Dataset records
---*---
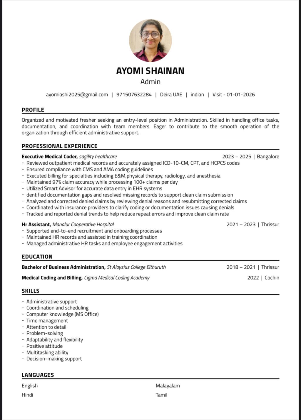 Hi I am Ayomi Shainan. I am looking for an opportunity in administration position. Motivated and detailed oriented professional with two years of experience in medical coding and HR assistant. Skilled in handle administrative tasks such as documentation, data management, employee coordination, office support, best communication skills and organisational abilities
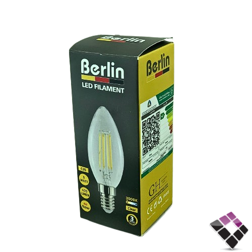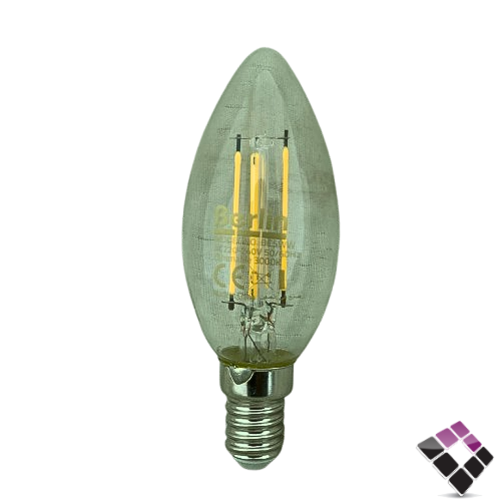 لمبة بلح LED برلين Berlin فلمنت شفاف أعواد تعمل بالدايمر بدون فليكر إضاءة أصفر 3000K سنة 5W ×E14
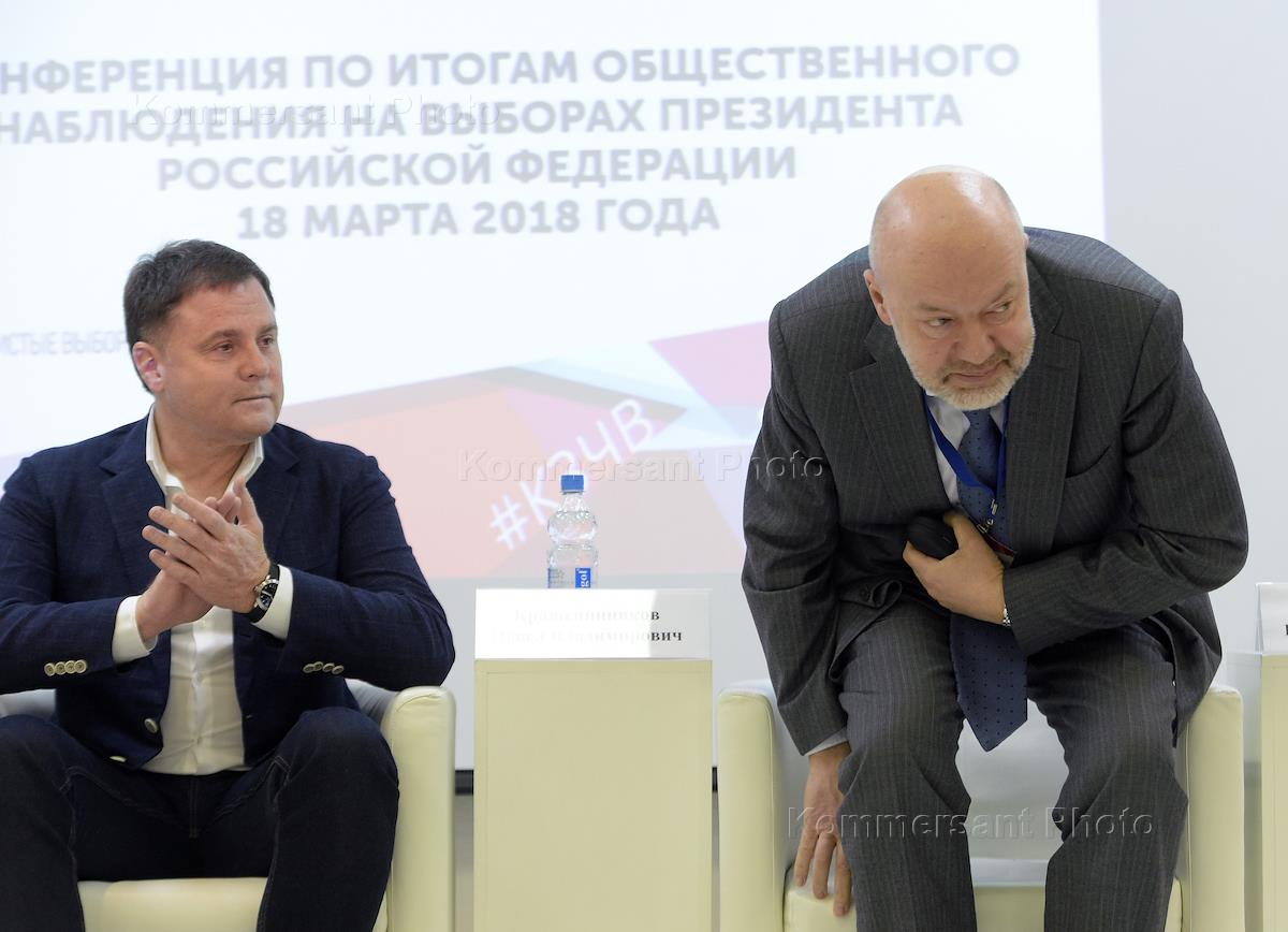 Конференция по итогам общественного наблюдения на выборах президента России 18 марта 2018 года прошла в Центральном доме туриста. Председатель правления Ассоциации юристов России Владимир Груздев (слева) и председатель комитета Государственной думы России по государственному строительству и законодательству Павел Крашенинников (справа) во время конференции.
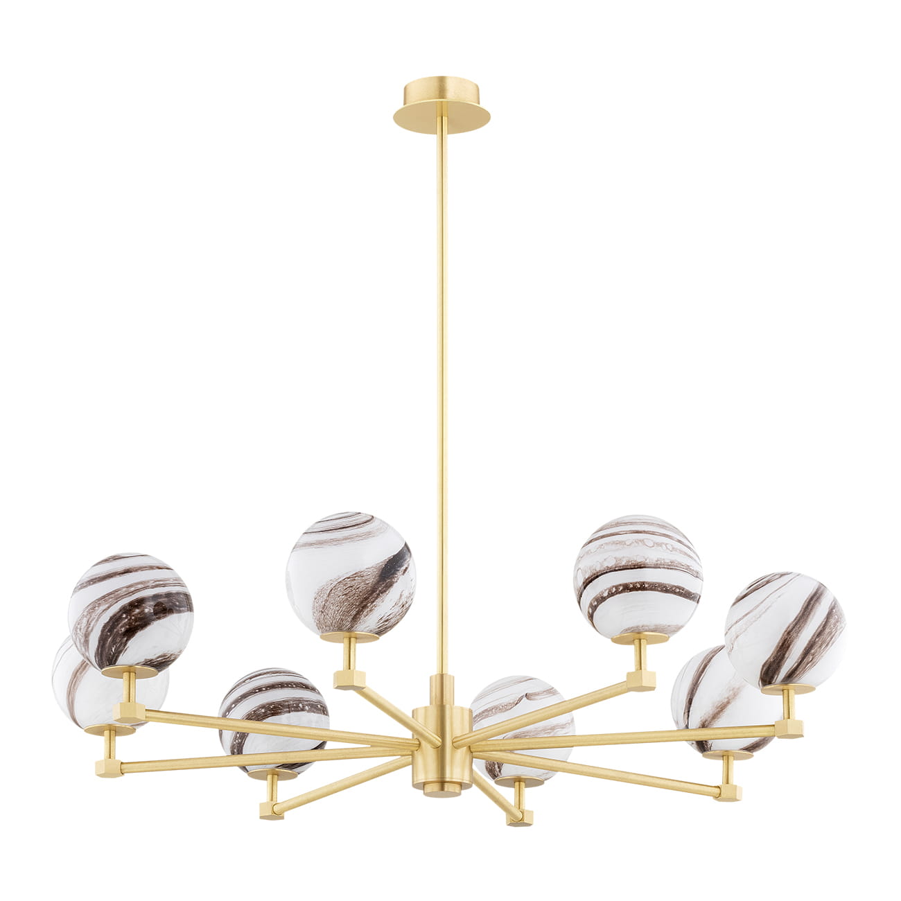 Mosiężny szczotkowany żyrandol sufitowy z kloszami szklanymi kulami Argon 5067 Aruba 8xE14 82cm
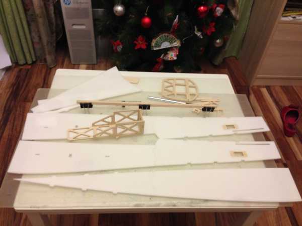 Вклеил киль. Для увеличения жесткости приклеил к задним кромкам киля и стабилизатора карбоновую рейку сечением 3х1 мм. Склеил пеналы для лонжерона из фанеры.
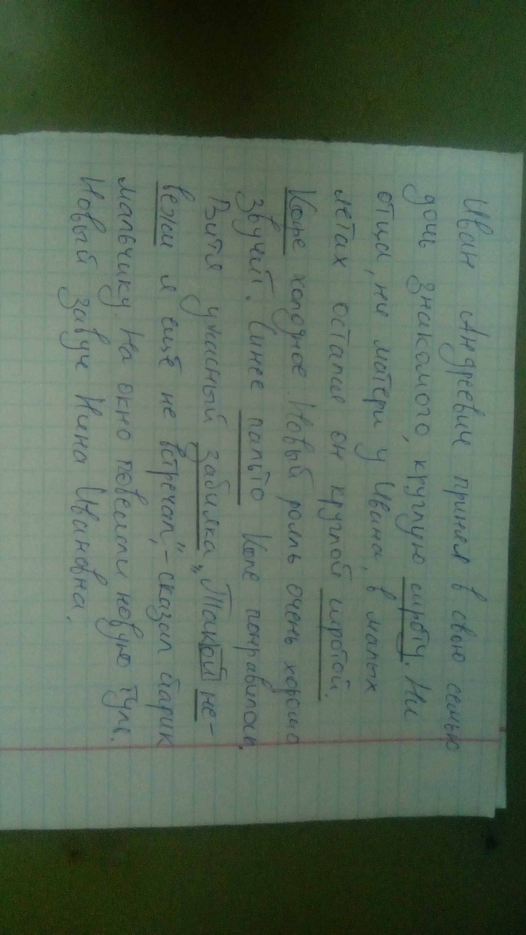 вставь пропущенные буквы и знаки подчеркни имена существительные общего рода Иван Андреевич принял в свою семью дочь знакомого,круглую сироту.Ни отца,ни матери у Ивана-в малых летах остался он круглой сиротой.Кофе холодное.Новая рояль очень хорошо звучит.Синее пальто Коле понравилось.Витя ужасный забияка.Так __невежи я ещёне встречал сказал старик мальчику.На окно повесили новую тюль.Новый завуч Нина Ивановна
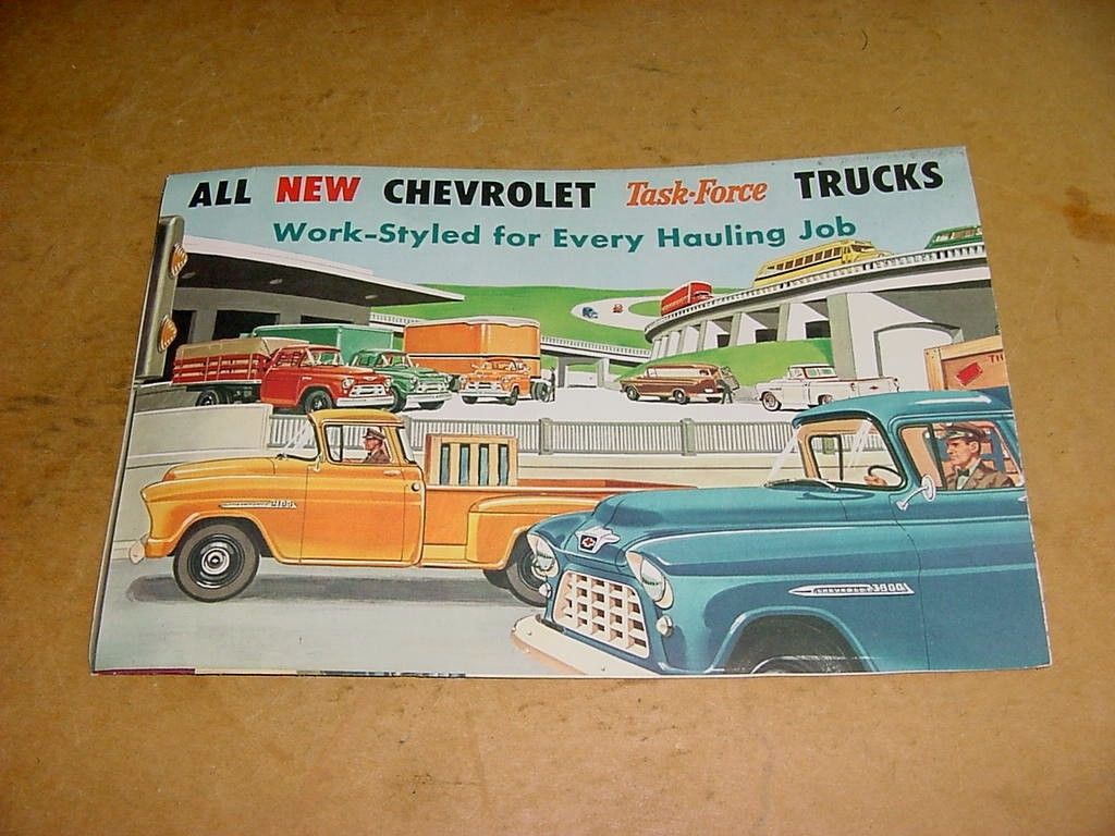 Title (ebay affiliate link): RARE NEAR MINT 1955 Vintage CHEVY TASK FORCE TRUCKS Old Color Dealer Brochure.
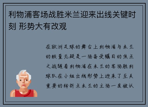 利物浦客场战胜米兰迎来出线关键时刻 形势大有改观
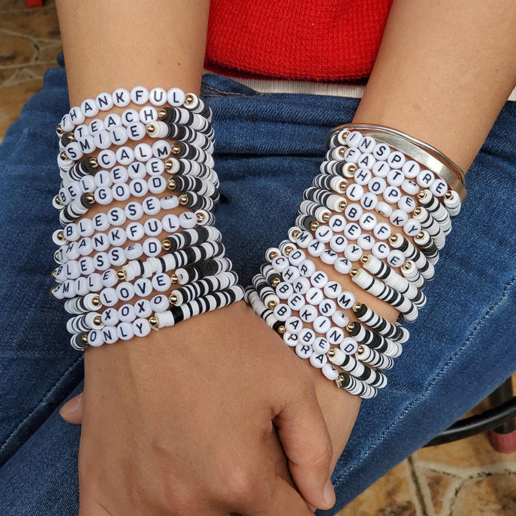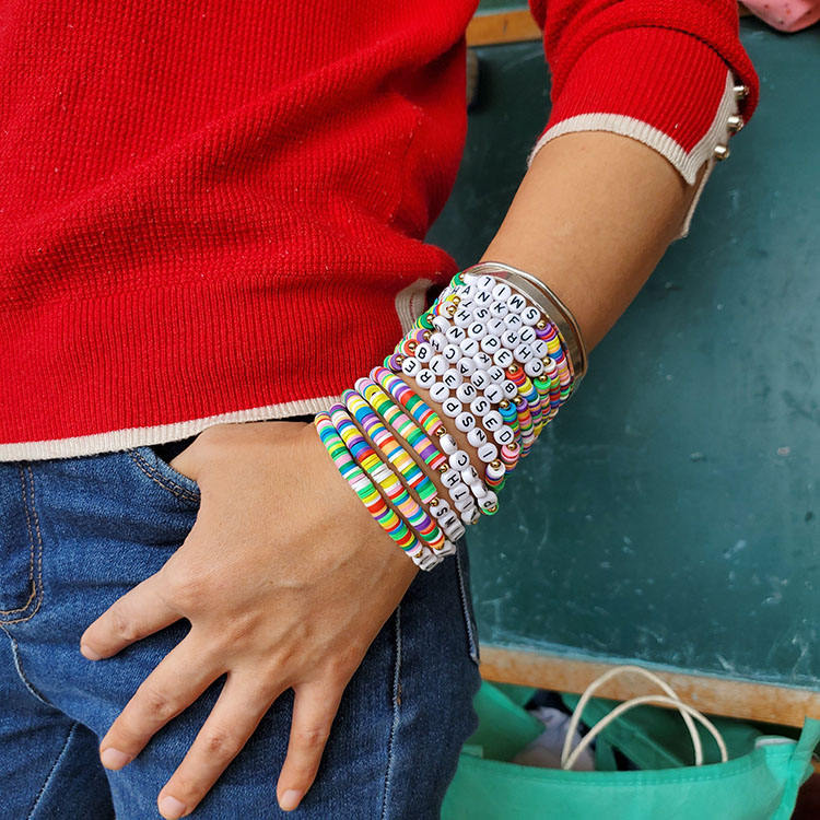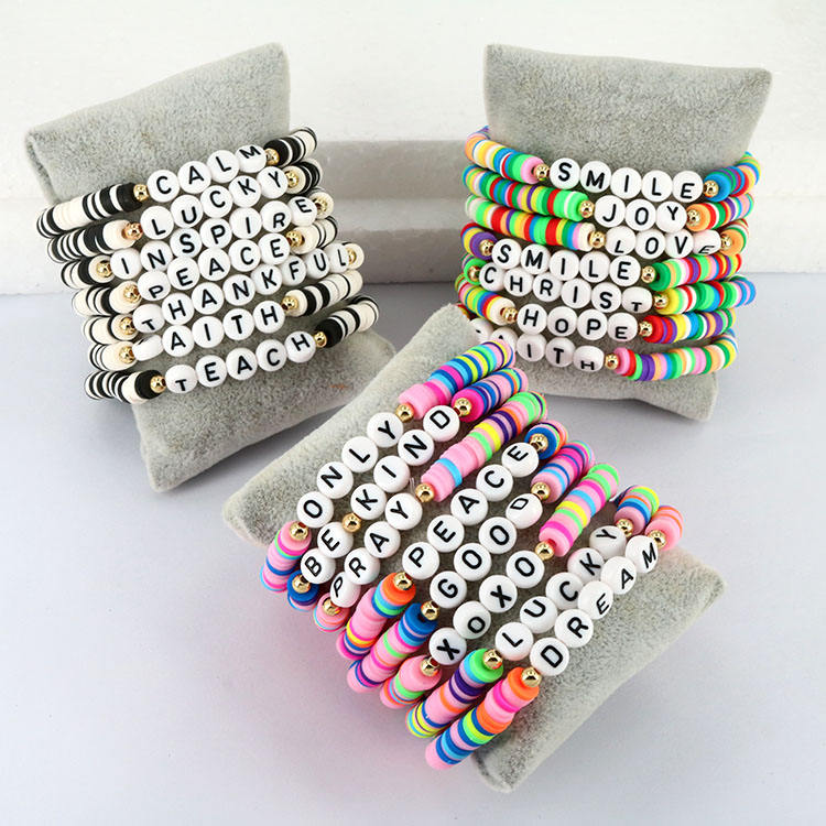 สร้อยข้อมือแบบซ้อนประดับด้วยลูกปัดดิสก์โพลิเมอร์สีรุ้งหลากสี พร้อมตัวอักษรคำคมสร้างแรงบันดาลใจ BP1020
---*---
- **Problem details**
Output every record above verbatim, excluding images.

- **Task solution**
 Hi I am Ayomi Shainan. I am looking for an opportunity in administration position. Motivated and detailed oriented professional with two years of experience in medical coding and HR assistant. Skilled in handle administrative tasks such as documentation, data management, employee coordination, office support, best communication skills and organisational abilities
 لمبة بلح LED برلين Berlin فلمنت شفاف أعواد تعمل بالدايمر بدون فليكر إضاءة أصفر 3000K سنة 5W ×E14
 Конференция по итогам общественного наблюдения на выборах президента России 18 марта 2018 года прошла в Центральном доме туриста. Председатель правления Ассоциации юристов России Владимир Груздев (слева) и председатель комитета Государственной думы России по государственному строительству и законодательству Павел Крашенинников (справа) во время конференции.
 Mosiężny szczotkowany żyrandol sufitowy z kloszami szklanymi kulami Argon 5067 Aruba 8xE14 82cm
 Вклеил киль. Для увеличения жесткости приклеил к задним кромкам киля и стабилизатора карбоновую рейку сечением 3х1 мм. Склеил пеналы для лонжерона из фанеры.
 вставь пропущенные буквы и знаки подчеркни имена существительные общего рода Иван Андреевич принял в свою семью дочь знакомого,круглую сироту.Ни отца,ни матери у Ивана-в малых летах остался он круглой сиротой.Кофе холодное.Новая рояль очень хорошо звучит.Синее пальто Коле понравилось.Витя ужасный забияка.Так __невежи я ещёне встречал сказал старик мальчику.На окно повесили новую тюль.Новый завуч Нина Ивановна
 Title (ebay affiliate link): RARE NEAR MINT 1955 Vintage CHEVY TASK FORCE TRUCKS Old Color Dealer Brochure.
 利物浦客场战胜米兰迎来出线关键时刻 形势大有改观
 สร้อยข้อมือแบบซ้อนประดับด้วยลูกปัดดิสก์โพลิเมอร์สีรุ้งหลากสี พร้อมตัวอักษรคำคมสร้างแรงบันดาลใจ BP1020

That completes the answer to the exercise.